Gerade Herr Urlaub und Band dürften sich doch eines entsprechenden Bekanntheitsgrads erfreuen ihre Musik selbst zu vertreiben. Wenn natürlich jede Band in großen Labels und iTunes das kurzfristige, schnelle Geld sieht, dann können sie wegen mir gern auf der Nase landen.
Ok, DÄ sind bei iTunes nicht zu finden, trotzdem kann ich die Aufregung nicht nachvollziehen. Wer die Preise eigentlich selbst stimmen kann aber andere bestimmen lässt, der darf doch nicht drüber meckern.

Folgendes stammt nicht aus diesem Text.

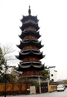 Longhua Pagoda is composed of wood and brick, and is built in the style of a pavilion. The pagoda consists of seven octagonal levels totaling a height of 40.64 meters.[note 2] Its core is hollow and tube-like, and its outer form is octagonal. The interior of the first story is octagonal, and the interiors of the other stories are square.[4] The stories decrease in size from the bottom to the top.[6] Each story contains four doorways and four rectangular shrines, but the shrines do not contain statues of Buddhas.[8] The positions of these doorways and shrines rotate by 45° on each story.[4] The floors of each story constitute the wooden structure. There are also wooden stairs which provide access to the seventh story. Under each floor there is a hidden brick post, and an entasis at the top of each post which splits into three sections. The corner bracket sets on the outer eaves are built in the “yuangyuang jiaoshou” style, which is typical of the Song Dynasty. On the sixth story is the pagoda’s 18-meter-long central pillar, which connects directly to the finial.[6] The ground floor peridrome stoa’s column head is spindle-shaped. There are fifteen decorative features on the square column, seven of which are wooden and eight of which are white. The bottom of the square column is in the shape of a zither’s surface. The railings on each level are in the shape of swastikas, and small bells are hung on the upturned corners of the outer eaves.[8]
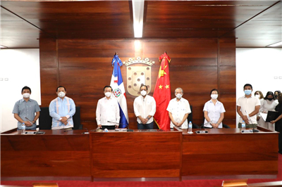 马丁内斯市长热烈欢迎张润大使一行到访,表示在此疫情危机时刻,中国大使亲临圣地亚哥市并伸出援助之手,展现了无与伦比的团结精神,此举令人鼓舞。马高度赞赏多中建交两年来双边关系取得的成果,坚定支持发展两国关系,并表示愿积极开展同中国地方省市的互利合作。马最后表示,旅居圣地亚哥的中国侨民勤奋努力、遵规守纪,为当地以及多米尼加社会发展作出了重要贡献。

hat bereits 1744 Kommentare abgegeben und schrieb am 9. Januar 2009 um 16:40:
Bands, die sich freiwillig an ein Major Label verkaufen dürfen sich nicht über die vermeintlich schlechte Bezahlung wundern, da gebe ich Dir recht. Leider überstrahlt die Präsenz der so vermarkteten Künstler andere, kleinere (faire) Labels. Natürlich diktieren die Preise der Grossen die Preiserwartungen der Mainstream Kundschaft. Wenn ein Lied von XYZ 99 Cent kostet, darf es von ABC auch nur 99 Cent kostet. Eine einleuchtende Rechtfertigung für höhere Preise findet man gegenüber dieser Kundschaft wohl nicht.
hat bereits 203 Kommentare abgegeben und schrieb am 10. Januar 2009 um 04:20:
Mathe mal einfach:
Band verkauft ein Lied über iTunes für 99 Cent und erhält 8 Cent
Band verkauft ein Lied über die eigene Website, für 50 Cent und erhält 50 Cent
Natürlich muss man bei der letzten Möglichkeit die Serverkosten abziehen, aber das sollte sich für die Band trotzdem noch lohnen. Bleibt wohl aber Wunschdenken, dass die Bands die Labels zu Hartz IV verdonnern.
hat bereits 1744 Kommentare abgegeben und schrieb am 10. Januar 2009 um 18:42:
Gutes Beispiel, auch wenn ich die Rechnung etwas zu einfach finde. Im Grunde hast du aber Recht, Bands sollten vielmehr die Möglichkeiten nutzen, die Ihnen das Internet bietet und sich nicht nur auf das Verkaufen über die klassischen Vertriebswege konzentrieren. Es gibt auch schon einige Bands die das so machen, leider verkaufen sich viele Künstler viel zu oft an die Major Labels um Ruhm und Popularität zu steigern.
hat bereits 203 Kommentare abgegeben und schrieb am 10. Januar 2009 um 22:32:
Natürlich ist die Rechnung übersimplifiziert. Trotzdem bleibt der Kern meiner Meinung nach richtig und auch wenn ich damit allein auf weiter Flur stehe: Ich kaufe lieber für 99 Cent bei ätunes oder auf anderen Bandwebsite, lade dort dann auch nur mit 100kb/s runter lass dass ich auch nur einen Cent an Musik-Zersetzer wie Nuclear Blast und ähnliche Knebelvertragschreiber zu zahlen.